"Ochie. Sudah lah, cowok kayak Richan itu enggak pantas ditangisi" Ucap Jenny mencoba menenangkan Rosie.
Sudah sekitar 1 jam Rosie menangis dikamar Jenny, Jenny yang melihatnya pun merasa tidak tega namun gadis itu juga tidak tahu apa yang harus dia lakukan selain menenangkan Rosie.
Gadis bersurai blonde itu mendunduk, sesegukan mencoba menahan tangis, terasa berat dan begitu menyiksa.
"Gue harus gimana Jen, gue takut pulang kerumah, Richan pasti bakal cari gue disana" Lirih Rosie, matanya sudah menyipit karena menangis terlalu lama.
Rosie sudah menceritakan semua yang terjadi pada hubungannya bersama Richan kepada Jenny. Seakan mengerti dengan apa yang sedang dirasakan oleh sahabatnya itu, Jenny pun merasa jengah, ada sengatan kecil dihatinya yang membuatnya meringis.
Jenny juga ingin membantu tapi dia tidak tahu apa yang harus dia lakukan. Gadis berpipi tembam itu menghela napas berat lalu mengalihkan atensinya pada kaki yang kini menggantung ditepi tempat tidur, dengan keadaan yang seperti ini Jenny tidak mungkin bisa membantu Rosie. Kalau pun bisa, dia harus menunggu waktu yang tepat.

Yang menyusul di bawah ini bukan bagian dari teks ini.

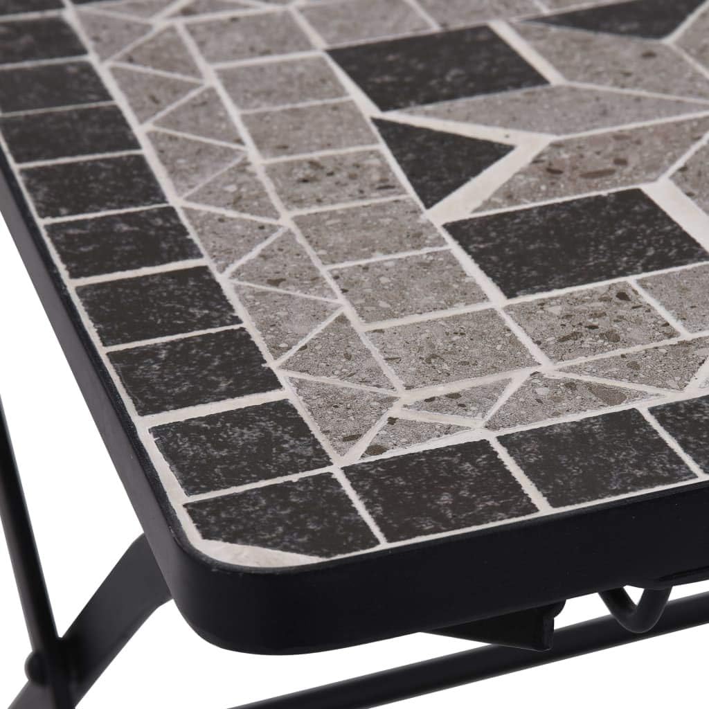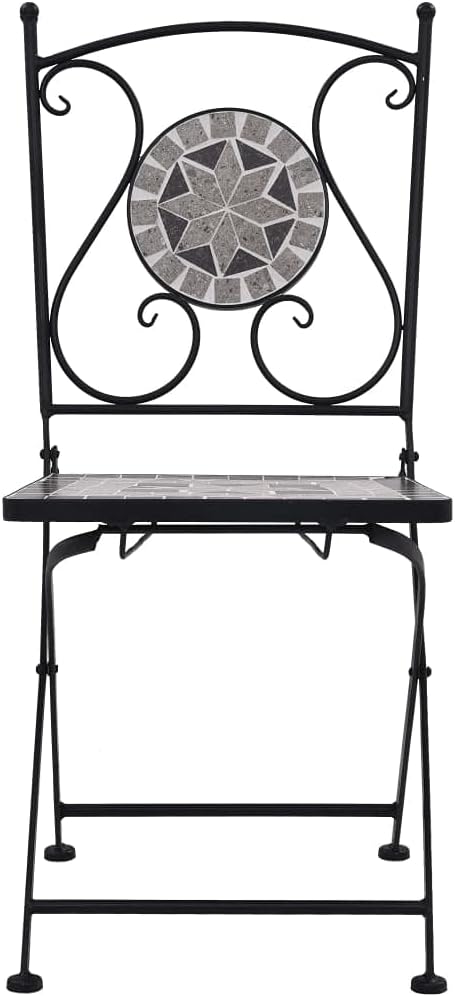 This set of mosaic chairs will make a decorative addition to your garden, patio, or balcony. It will be a pleasure to have a cuppa with your friends sitting on these chairs.Thanks to a strong powder-coated iron frame, this set is sturdy and durable. Due to the waterproof ceramic seat, these chairs are easy to clean. Delivery includes 2 chairs. Please note these chairs are not suitable to be left outside in cold condition.Color: GrayMaterial: Powder-coated iron frame + ceramic seatDimensions: 20" x 15.4" x 33.9" (W x D x H)Seat size: 15" x 13.8" (W x D)Delivery includes 2 chairsNote: It is not suitable to be left outside in cold condition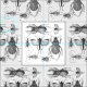 desenhos preto e branco do vintage dos besouros e dos insetos

Gadis itu menggeleng, mengusap punggung Rosie. "Semua masalah pasti bakal ada jalan keluarnya Chie. Mungkin saat ini semesta sedang memihak ke Richan, tapi besok? Bisa aja semesta langsung ninggalin Richan dan beralih ke lo. Kita cuma harus nunggu giliran aja, dan selama itu lo harus benar-benar belajar meyakinkan hati lo buat berhenti mencintai Richan, menurut gue dia sama sekali enggak pantas buat lo"
Gadis bersurai blonde itu mengangkat wajahnya, melirik Jenny dengan tatapan yang sulit diartikan, Jenny mengernyitkan dahinya. "Kenapa? Lo nggak bisa?" Sambung Jenny lagi.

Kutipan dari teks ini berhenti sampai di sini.